The Macao government has hit back at the 2023 Annual Report published by the US Congressional-Executive Commission on China, which accuses the SAR government of invoking national security “in ways that undermined judicial independence and other substantive rights.”
The report cited unnamed “observers” as expressing concern over Macao’s national security legislation and its potential for arbitrary application – such as in the criminalisation of contact with non-governmental organisations.
The document also made mention of a July 2022 U.N. Human Rights Committee (UNHRC) report on Macao, which claimed the SAR lacked legal safeguards against police abuse of surveillance, harassed journalists, suppressed the display of political messages, and imposed undue restrictions on peaceful assembly.
However, in a strongly worded rebuttal, the Macao government accused the commission of adopting an “unsubstantiated” and “selective approach” to the UNHRC’s findings, saying the committee’s report had been quoted “out of context.”
[See more: Macao responds forcefully to US human rights report]

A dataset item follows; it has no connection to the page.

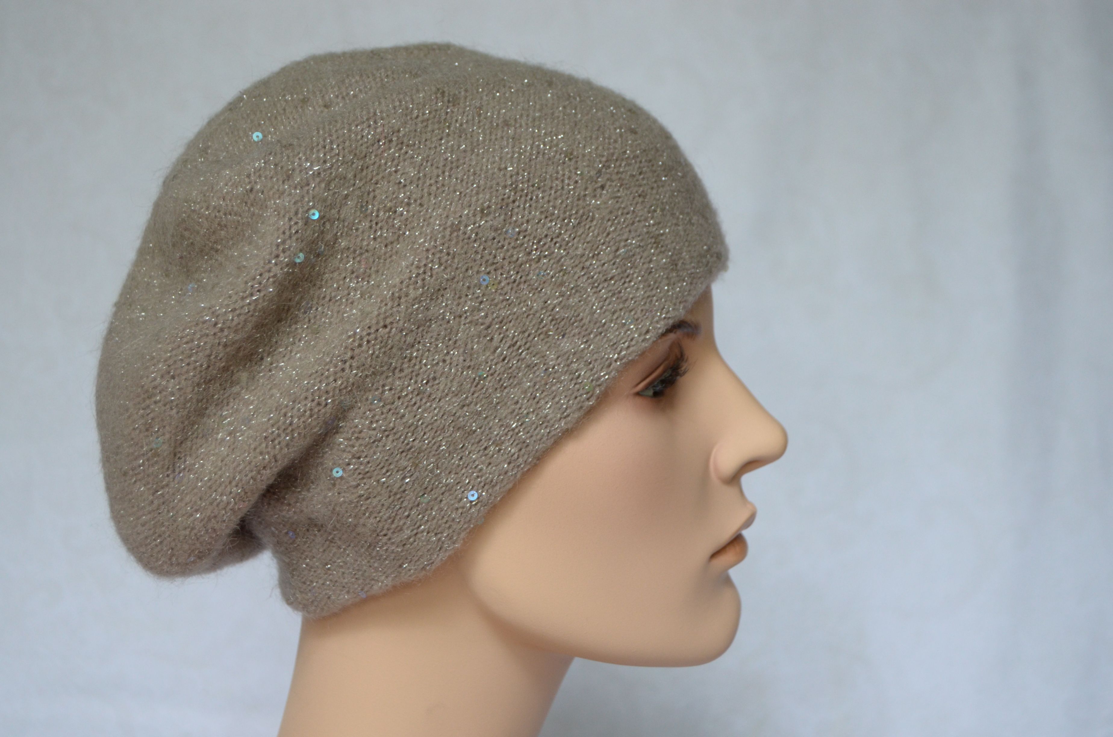 Состав берета: мохер 35 %, полиамид 25 %, шерсть 32 %, пайетки, полиэстер 6 %, эластан 2 %

It also said that the SAR’s national security legislation “drew extensively from legislative experience in other jurisdictions, while fully considering Macao’s legal traditions and social realities, and strictly adhering to international human rights conventions.”
The government added: “Work relating to the safeguarding of national security has been carried out in strict accordance with legal provisions and due process.”
Washington regularly aims barbs at geopolitical rival China in the area of human rights, while frequently violating international rights law itself.
In 2022, Beijing published its own survey, The State of Democracy in the United States, describing the US plagued by a “vicious cycle of democratic pretensions, dysfunctional politics and a divided society,” while beset with problems such as “money politics, identity politics, social rifts, and the gulf between the rich and poor.”